At 366k, I only did 4 tune ups with the basic plugs, air filter, oil change and that’s it. oil change with synthetic and filter every 7,000 miles. Everything else is total neglect on my part but at the toyota dealership, when they did the x points inspection, looks like they topped off my fluids. Power steering, brake fluids, engine oil. Payed $200 bux though but it is better than giving it to them lube place where they hire kids to do their services at $170.

Like I said before, I’m working on what is affordable to fix first and go on from there. I think I remembered you saying that sean and it pays to read your articles. I think it is the fuel pump is the culprit but at $800, I’m still debating if I should fix and ride her for another 100k or just buy another vehicle but I kind of wanting to drive her till 2022 when my hybrid truck comes out and I’ll just buy that new ride instead.

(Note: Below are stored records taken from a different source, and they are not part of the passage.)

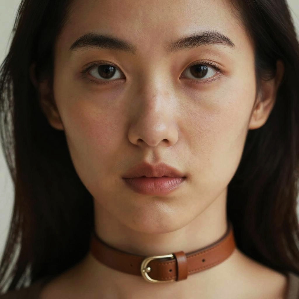 Photograph of a young Asian woman with fair skin, straight black hair, and dark brown eyes. She has a neutral expression with slightly parted lips. She wears a brown leather choker with a brass buckle around her neck. The background is a plain, light-colored wall, making her face the focal point. The image is sharply focused, highlighting her smooth skin texture and natural makeup. The lighting is soft, casting minimal shadows. The choker adds a subtle, stylish touch to her otherwise simple appearance.
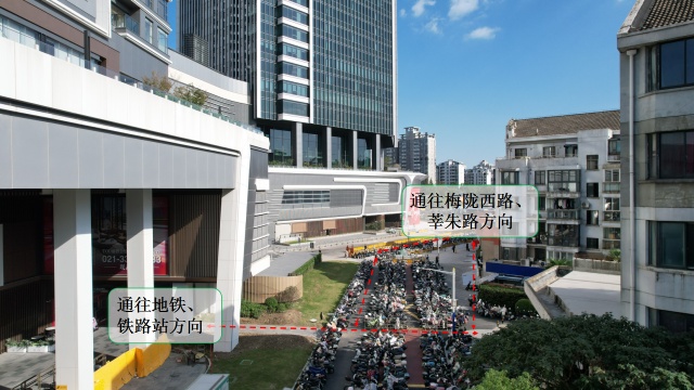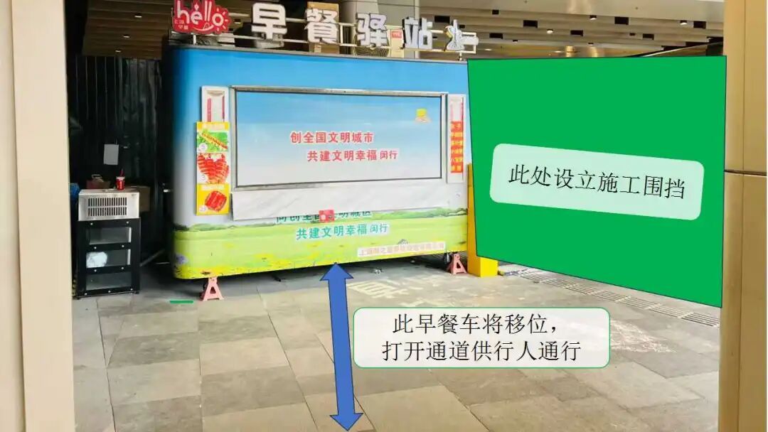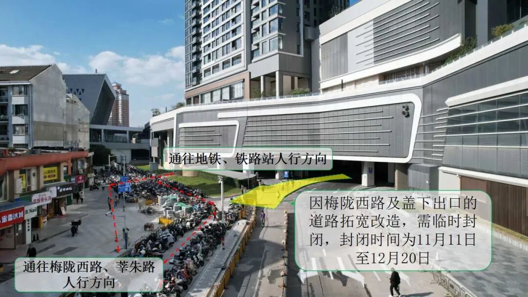 从梅陇西路、莘朱路至地铁站(双向)的行人,可绕道移步至地铁南1口扶梯方向口通行至地铁站内。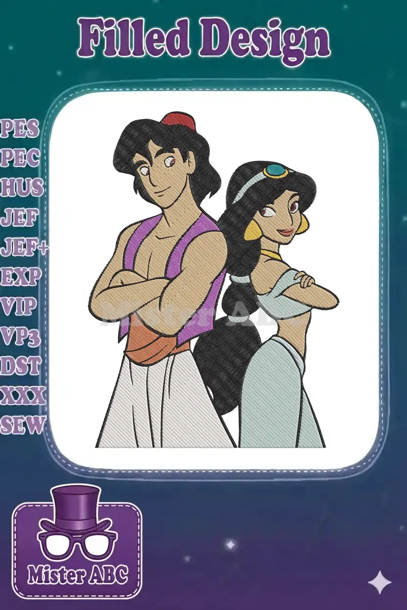 Aladdin and Jasmine Disney Animated Movie Characters Embroidery Designs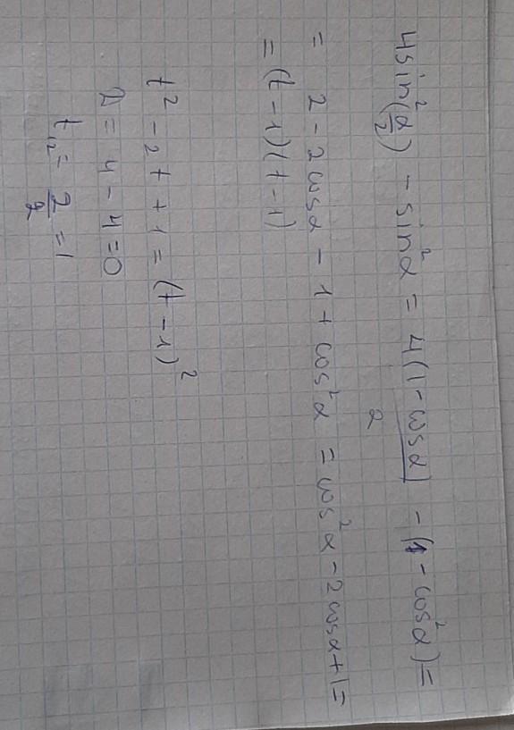 Не понимаю, куда сократилась четвёрка (у меня получается, что она сокращается до двойки), и куда пропадает квадрат, после использования тригонометрического тождества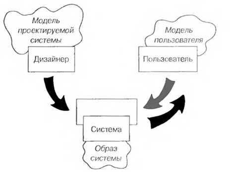 Рис. 1.10. Типы ментальных моделей. модель проектируемой системы — это концептуальная модель дизайнера. Модель пользователя — это модель, которая создается в результате взаимодействия с системой. Образ системы основывается на ее физической структуре (включая документацию, инструкции и ярлыки). В идеале модель проектируемой системы должна совпадать с моделью пользователя Однако дизайнер не общается с пользователем непосредственно коммуникация осуществляется через образ системы Непонятность и несовместимость модели проектируемой системы приводит к сложностям в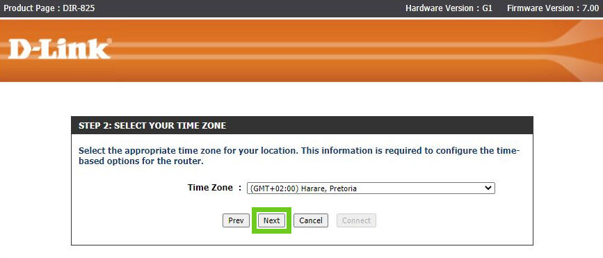- Step 2 will require you to select the correct time zone of your location. From the drop-down menu select the time zone. South Africa is GMT+2. Then click ‘Next’.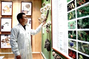 (251120) -- SHANGHAI, 20 noviembre, 2025 (Xinhua) -- Imagen del 19 de noviembre de 2025 de Ge Binjie, curador del Herbario Chenshan de Shanghai, presentando la diversidad de gimnospermas en el Centro Nacional de Recursos de Germoplasma de Plantas Silvestres del Jardín Botánico Chenshan de Shanghai, en Shanghai, en el este de China. Recientemente, el personal confirmó que el número total de semillas viables conservadas en el Centro Nacional de Recursos de Germoplasma de Plantas Silvestres del Jardín Botánico Chenshan de Shanghai ha superado los 100 millones. (Xinhua/Zhang Jiansong) (da) (ra) (ce)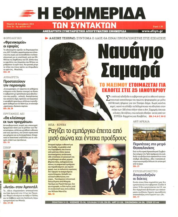 Η νύχτα ήταν μακριά μετά την πρώτη ψηφοφορία για την προεδρική εκλογή που έφερε ένα αποτέλεσμα κατώτερο των προσδοκιών του Μεγάρου Μαξίμου, όπως προκύπτει από τις διαρροές που είχαν προηγηθεί για μέχρι 167 θετικές ψήφους. Σύμφωνα με πληροφορίες, ο πρωθυπουργός αιφνιδιάστηκε, γιατί ήταν διαφορετική η εικόνα που του είχαν μεταφέρει συνεργάτες του επιφορτισμένοι με την ευθύνη για συνεννοήσεις με ανεξάρτητους βουλευτές και βουλευτές των ΑΝΕΛ. Η καμπάνα χτυπά για τους Δ. Σταμάτη και Χρ. Λαζαρίδη, που, όπως αποδείχθηκε στην πράξη, με τα μόλις 160 «ναι» στον Στ.

For the time being, I just need to care for her just enough so she can last till next year. There are other components that can also be a factor like o2 sensor but usually with that, my check engine light would of gone off by now and the odb reader will pick that up. Hopefully I can find a solution so that others may find it helpful and they too can solve their own car problems. Thanks for everything so far Sean.

Gotta give an update so others may learn to solve their own problems. I remembered when I was doing the coil and plugs, I disconnected the battery terminal so when it was done, the car started but can not idle. I then did the relearning system because the ECU need to remember the new set of plugs and will remember the new idle. A day goes by, idle bad again. Starts up fine but no idle. Went and got me two bottles, an MAF cleaner and a throttle body cleaner. Cleaned them both out for the very first time in 10 years and 366k miles later. Well what do you know? It started up just fine and even driving gave me a little bit more horsepower at the stop and go. However, driving up the hill is still a struggle. Still no check engine light so I can not pull any coding. Oh and once you clean out your throttle body, the check engine light goes on but them codes are for the MAF. I cleared it with my odb. Now with going up the hill not having the horsepower, it could be the fuel pump. My car has no fuel filter but perhaps it is embedded with the fuel pump. Well the fuel pump has a sensor right? If it goes bad, my check engine light would go on and say something like low pressure. No light. Plus if fuel pump is out, I wouldn’t be able to start the engine and while driving, it would die right? Not happen yet (knock on wood). So I’m thinking it is the trannie. Shift solenoid perhaps. I can go flat 65 to 75mph ok but once up that hill, I don’t hear a gear change and mph drops to 50. I know if I push harder to get a switch, my rpm would jump up and down at the 2000 rpm and the car will shakes like hell. This lead me to think that the gear was at 6th while driving flat and when up them hills, it got stuck and can not downshift.

I’m at the crossroad of paying the mechanic his diagnostic fees to know for sure and fixing it will cost me a hefty penny. Perhaps I’ll just use that 2011 camry for non mountain driving and city driving only and take that money and buy another car because I do need another reliable car for the daily commute of 2 hours each way and 2 high mountains. I’m not too sure if I should bring it to a mechanic or a trannie specialist. Without a code, I just don’t know.

If you know a good local mechanic, I would bring the car to him and pay the small diagnostic fee. It’s well worth it if he knows what he’s doing, it’ll save you both time and money in the long run.